___ AVAILABLE RECORDS ___

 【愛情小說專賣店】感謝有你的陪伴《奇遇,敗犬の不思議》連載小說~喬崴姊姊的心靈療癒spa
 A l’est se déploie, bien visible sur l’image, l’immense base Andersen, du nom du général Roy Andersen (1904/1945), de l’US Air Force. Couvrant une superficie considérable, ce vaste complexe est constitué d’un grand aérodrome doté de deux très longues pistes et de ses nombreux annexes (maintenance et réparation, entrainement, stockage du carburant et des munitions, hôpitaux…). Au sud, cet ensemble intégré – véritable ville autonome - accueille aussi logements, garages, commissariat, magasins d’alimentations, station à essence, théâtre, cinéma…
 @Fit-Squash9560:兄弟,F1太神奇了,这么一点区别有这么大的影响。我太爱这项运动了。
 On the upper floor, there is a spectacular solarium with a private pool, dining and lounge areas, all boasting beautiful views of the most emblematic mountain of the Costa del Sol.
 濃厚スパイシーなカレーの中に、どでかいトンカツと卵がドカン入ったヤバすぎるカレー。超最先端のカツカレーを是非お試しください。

___
___ AVAILABLE RECORDS ___

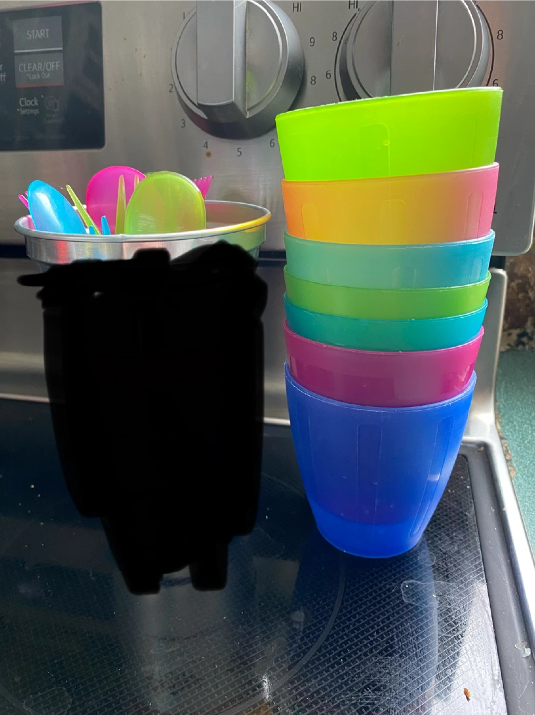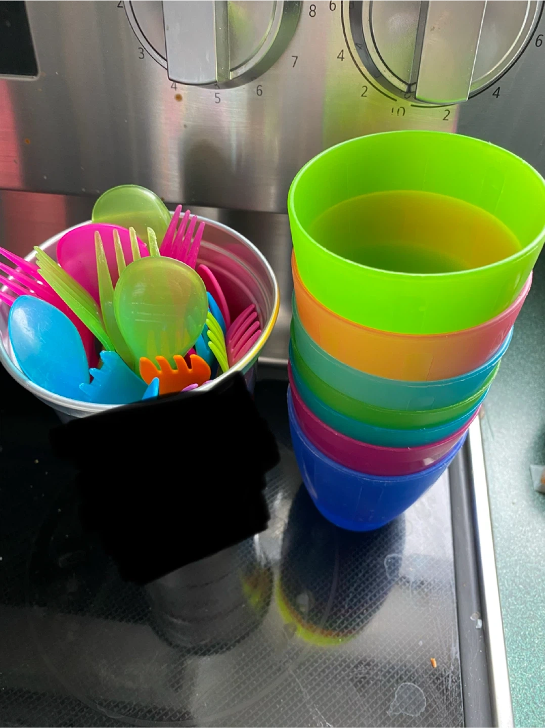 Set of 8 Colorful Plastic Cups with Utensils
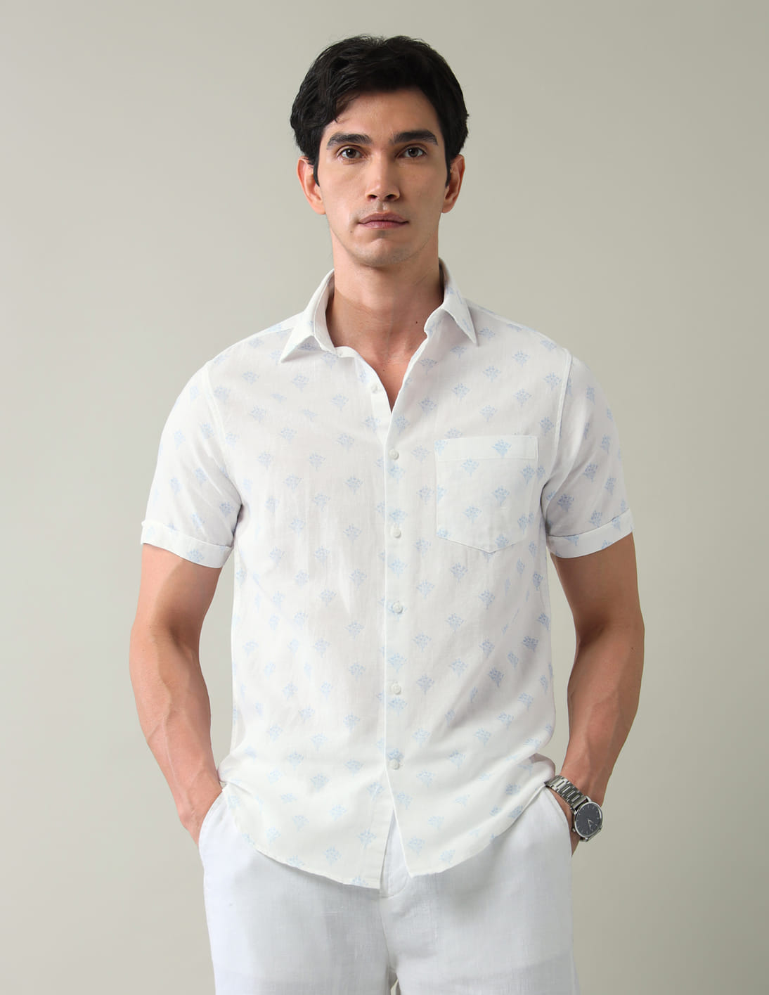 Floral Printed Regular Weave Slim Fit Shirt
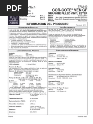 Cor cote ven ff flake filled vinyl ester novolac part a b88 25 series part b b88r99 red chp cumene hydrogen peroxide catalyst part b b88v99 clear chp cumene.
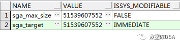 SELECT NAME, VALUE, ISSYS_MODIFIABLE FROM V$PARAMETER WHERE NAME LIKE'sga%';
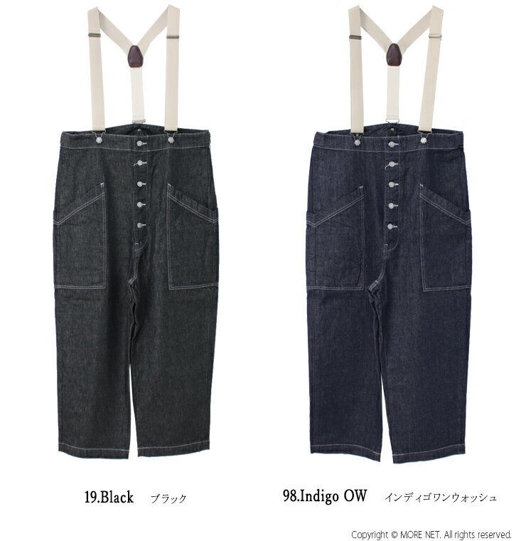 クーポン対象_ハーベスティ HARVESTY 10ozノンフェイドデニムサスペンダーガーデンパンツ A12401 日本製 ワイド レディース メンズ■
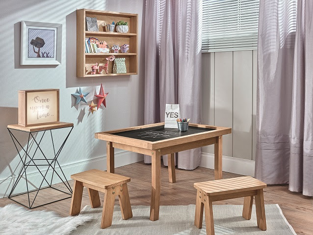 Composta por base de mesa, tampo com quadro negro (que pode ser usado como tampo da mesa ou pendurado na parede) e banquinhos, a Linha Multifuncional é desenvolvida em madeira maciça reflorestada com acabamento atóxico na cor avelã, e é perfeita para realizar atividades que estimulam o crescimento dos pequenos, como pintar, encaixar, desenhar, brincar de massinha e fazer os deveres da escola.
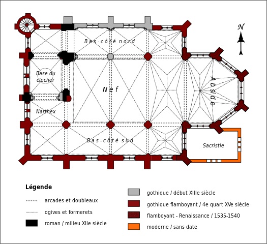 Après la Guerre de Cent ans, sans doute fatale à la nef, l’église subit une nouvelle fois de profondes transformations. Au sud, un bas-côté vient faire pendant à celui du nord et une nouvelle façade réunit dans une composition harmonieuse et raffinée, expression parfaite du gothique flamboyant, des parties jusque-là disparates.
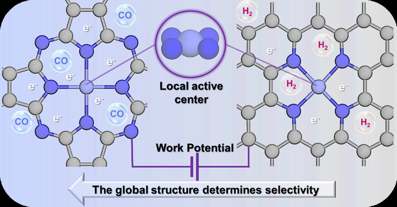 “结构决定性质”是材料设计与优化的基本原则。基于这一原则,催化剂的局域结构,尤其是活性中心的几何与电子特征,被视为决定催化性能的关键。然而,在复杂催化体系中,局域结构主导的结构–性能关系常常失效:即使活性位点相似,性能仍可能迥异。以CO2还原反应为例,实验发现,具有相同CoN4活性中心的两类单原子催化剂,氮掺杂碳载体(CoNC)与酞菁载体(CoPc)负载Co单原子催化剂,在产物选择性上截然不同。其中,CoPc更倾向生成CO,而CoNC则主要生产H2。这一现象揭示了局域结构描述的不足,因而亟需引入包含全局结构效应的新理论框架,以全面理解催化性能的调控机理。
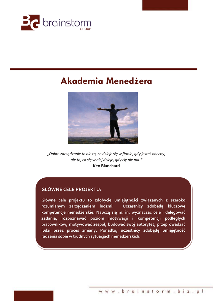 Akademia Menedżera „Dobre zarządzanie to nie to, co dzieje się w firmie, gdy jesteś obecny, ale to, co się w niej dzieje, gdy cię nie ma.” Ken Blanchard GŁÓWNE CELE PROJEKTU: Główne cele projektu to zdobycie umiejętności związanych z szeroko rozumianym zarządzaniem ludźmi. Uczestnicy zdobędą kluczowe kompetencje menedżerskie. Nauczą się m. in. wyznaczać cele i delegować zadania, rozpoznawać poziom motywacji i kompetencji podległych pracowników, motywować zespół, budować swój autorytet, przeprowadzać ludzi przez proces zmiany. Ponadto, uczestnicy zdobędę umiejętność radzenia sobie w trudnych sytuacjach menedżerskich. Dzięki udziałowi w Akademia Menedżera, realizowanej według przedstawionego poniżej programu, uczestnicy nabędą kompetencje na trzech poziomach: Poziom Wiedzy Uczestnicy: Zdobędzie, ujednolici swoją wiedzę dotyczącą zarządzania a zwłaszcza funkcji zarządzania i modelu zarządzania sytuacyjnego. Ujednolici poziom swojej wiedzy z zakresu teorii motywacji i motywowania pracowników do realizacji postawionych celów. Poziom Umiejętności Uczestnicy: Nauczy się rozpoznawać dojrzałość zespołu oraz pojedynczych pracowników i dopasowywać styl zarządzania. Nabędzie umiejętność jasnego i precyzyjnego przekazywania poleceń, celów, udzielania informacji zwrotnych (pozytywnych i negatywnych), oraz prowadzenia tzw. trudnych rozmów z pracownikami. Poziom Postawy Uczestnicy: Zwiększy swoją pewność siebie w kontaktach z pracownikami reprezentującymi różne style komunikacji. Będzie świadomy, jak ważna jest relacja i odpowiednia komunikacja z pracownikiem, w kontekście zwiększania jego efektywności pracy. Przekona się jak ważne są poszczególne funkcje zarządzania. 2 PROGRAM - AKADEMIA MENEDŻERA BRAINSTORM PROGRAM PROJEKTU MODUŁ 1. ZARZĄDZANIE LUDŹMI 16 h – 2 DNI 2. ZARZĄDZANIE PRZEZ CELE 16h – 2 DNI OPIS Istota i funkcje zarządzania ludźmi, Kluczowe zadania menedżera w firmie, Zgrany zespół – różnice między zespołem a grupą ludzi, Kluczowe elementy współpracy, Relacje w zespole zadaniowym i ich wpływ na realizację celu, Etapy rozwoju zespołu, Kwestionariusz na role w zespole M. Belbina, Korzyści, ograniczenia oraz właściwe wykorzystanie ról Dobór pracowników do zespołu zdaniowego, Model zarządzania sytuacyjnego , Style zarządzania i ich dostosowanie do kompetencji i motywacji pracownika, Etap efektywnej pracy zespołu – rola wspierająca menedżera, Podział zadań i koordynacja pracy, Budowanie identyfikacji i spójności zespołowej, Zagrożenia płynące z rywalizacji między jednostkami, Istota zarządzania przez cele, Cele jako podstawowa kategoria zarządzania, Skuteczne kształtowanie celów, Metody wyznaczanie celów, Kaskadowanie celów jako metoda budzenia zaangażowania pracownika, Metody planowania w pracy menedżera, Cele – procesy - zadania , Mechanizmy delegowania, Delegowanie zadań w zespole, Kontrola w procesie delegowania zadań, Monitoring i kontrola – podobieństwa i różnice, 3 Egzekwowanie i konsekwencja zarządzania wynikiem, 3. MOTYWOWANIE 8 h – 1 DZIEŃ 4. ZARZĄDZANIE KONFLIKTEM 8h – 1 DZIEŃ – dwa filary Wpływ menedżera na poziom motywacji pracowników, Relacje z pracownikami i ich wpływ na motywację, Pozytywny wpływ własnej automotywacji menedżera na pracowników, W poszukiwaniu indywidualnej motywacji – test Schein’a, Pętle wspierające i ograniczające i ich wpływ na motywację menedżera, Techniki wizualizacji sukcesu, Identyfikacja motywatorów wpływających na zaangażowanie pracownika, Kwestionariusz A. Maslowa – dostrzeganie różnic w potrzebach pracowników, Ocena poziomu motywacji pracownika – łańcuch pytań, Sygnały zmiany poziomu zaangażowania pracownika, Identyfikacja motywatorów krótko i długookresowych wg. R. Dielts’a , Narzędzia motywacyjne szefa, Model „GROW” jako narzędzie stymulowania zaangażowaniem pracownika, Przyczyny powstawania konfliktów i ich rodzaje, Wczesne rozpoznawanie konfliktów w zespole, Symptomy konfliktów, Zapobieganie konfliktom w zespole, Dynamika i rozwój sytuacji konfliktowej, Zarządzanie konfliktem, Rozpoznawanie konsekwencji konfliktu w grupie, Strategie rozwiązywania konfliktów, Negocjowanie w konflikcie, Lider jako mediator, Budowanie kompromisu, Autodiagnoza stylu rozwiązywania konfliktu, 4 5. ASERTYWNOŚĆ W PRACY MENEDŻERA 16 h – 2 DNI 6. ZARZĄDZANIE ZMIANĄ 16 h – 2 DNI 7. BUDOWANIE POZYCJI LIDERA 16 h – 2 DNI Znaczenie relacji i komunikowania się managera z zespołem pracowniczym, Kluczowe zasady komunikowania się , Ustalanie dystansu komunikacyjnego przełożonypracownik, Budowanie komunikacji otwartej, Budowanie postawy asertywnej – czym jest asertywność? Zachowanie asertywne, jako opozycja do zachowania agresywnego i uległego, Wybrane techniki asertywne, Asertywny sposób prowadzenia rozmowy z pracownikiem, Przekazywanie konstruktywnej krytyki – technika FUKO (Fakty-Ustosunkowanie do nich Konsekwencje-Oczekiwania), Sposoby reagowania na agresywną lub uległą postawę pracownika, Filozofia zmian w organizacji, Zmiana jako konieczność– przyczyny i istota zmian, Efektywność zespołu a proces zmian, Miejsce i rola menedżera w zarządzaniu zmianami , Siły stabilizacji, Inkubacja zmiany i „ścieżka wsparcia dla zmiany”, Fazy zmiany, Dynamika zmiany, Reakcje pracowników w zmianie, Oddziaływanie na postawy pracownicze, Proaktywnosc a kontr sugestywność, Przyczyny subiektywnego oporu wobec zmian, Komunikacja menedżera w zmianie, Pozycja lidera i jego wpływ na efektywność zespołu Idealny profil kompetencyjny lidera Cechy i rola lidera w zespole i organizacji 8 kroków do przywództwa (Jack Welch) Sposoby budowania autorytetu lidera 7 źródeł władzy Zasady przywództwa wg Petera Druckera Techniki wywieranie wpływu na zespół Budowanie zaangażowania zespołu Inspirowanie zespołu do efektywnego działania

___

INSTRUCTIONS FOR THE TASK: Output exactly the lines above, from the line with "クーポン対象_ハーベスティ HARVESTY 10ozノンフェイドデニムサスペンダーガーデンパンツ" to the line with "Composta por base", both included; skip the pictures.

ANSWER TO THE PROBLEM:
 クーポン対象_ハーベスティ HARVESTY 10ozノンフェイドデニムサスペンダーガーデンパンツ A12401 日本製 ワイド レディース メンズ■
 Composta por base de mesa, tampo com quadro negro (que pode ser usado como tampo da mesa ou pendurado na parede) e banquinhos, a Linha Multifuncional é desenvolvida em madeira maciça reflorestada com acabamento atóxico na cor avelã, e é perfeita para realizar atividades que estimulam o crescimento dos pequenos, como pintar, encaixar, desenhar, brincar de massinha e fazer os deveres da escola.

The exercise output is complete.